— STORED DATA —
_____

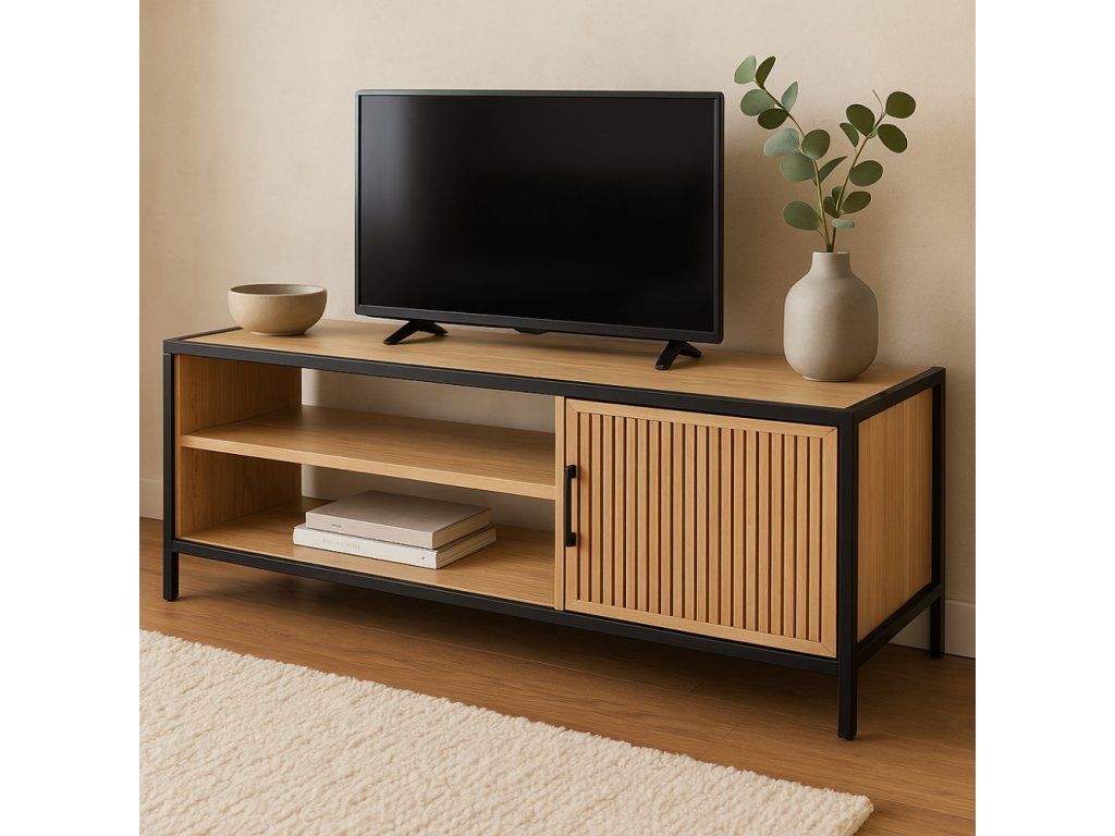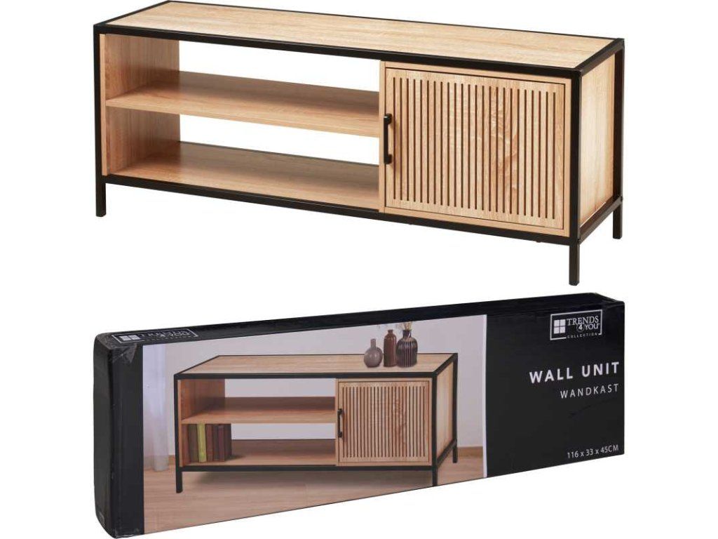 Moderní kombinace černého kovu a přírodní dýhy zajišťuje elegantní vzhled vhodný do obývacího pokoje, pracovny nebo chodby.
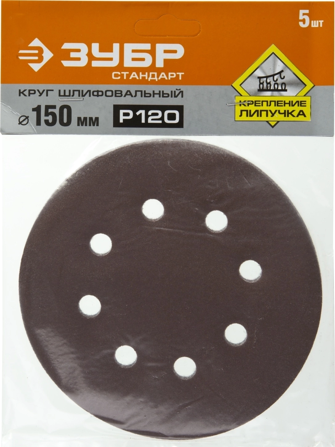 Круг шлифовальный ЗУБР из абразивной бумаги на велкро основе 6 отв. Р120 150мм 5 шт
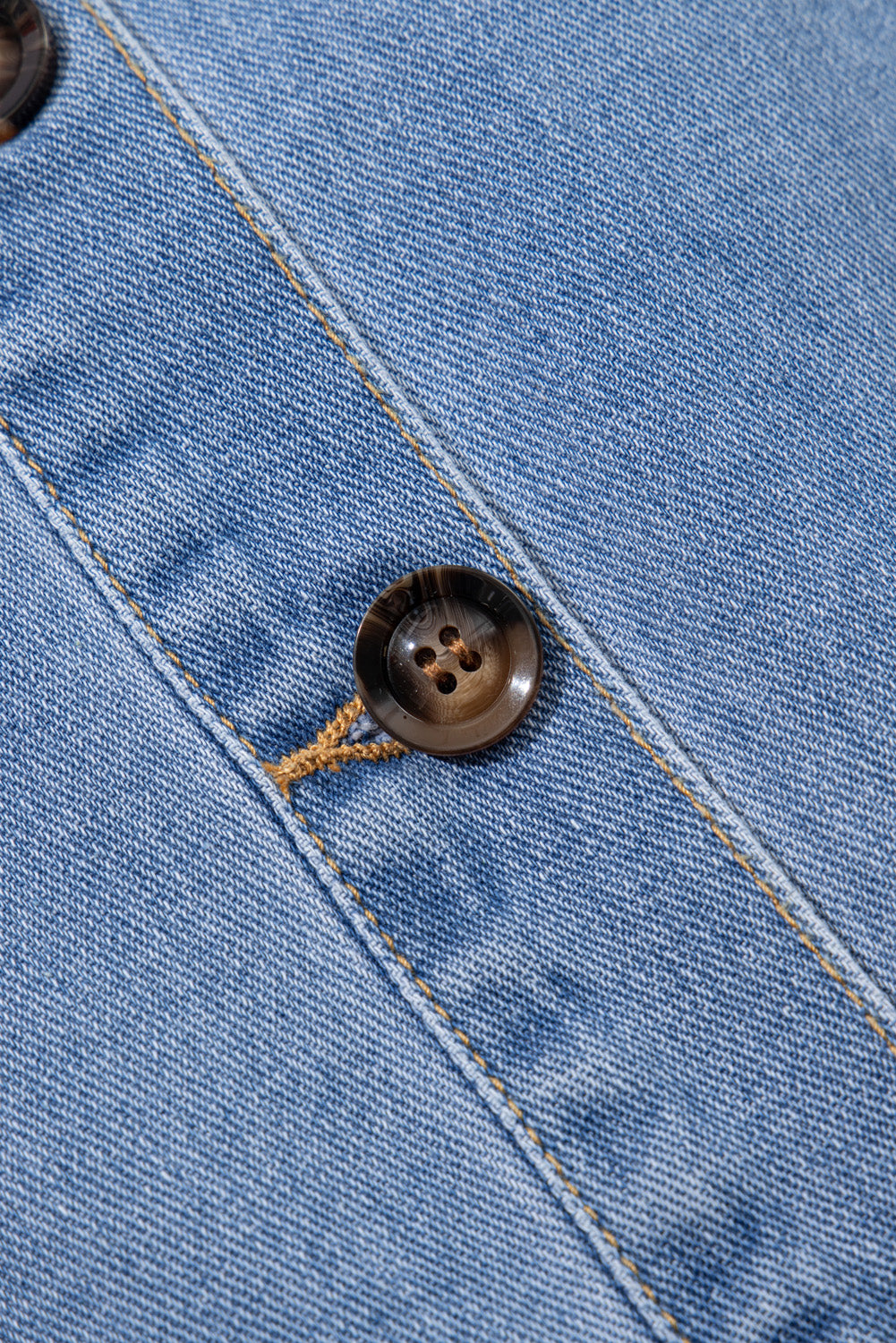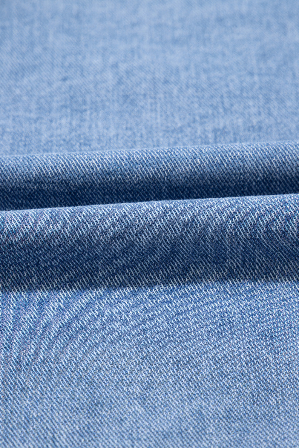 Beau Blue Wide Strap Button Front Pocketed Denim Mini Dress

_____

— YOUR GOAL —
Everything above except the pictures must be restated exactly.

— SOLUTION FOR THIS EXERCISE —
 Moderní kombinace černého kovu a přírodní dýhy zajišťuje elegantní vzhled vhodný do obývacího pokoje, pracovny nebo chodby.
 Круг шлифовальный ЗУБР из абразивной бумаги на велкро основе 6 отв. Р120 150мм 5 шт
 Beau Blue Wide Strap Button Front Pocketed Denim Mini Dress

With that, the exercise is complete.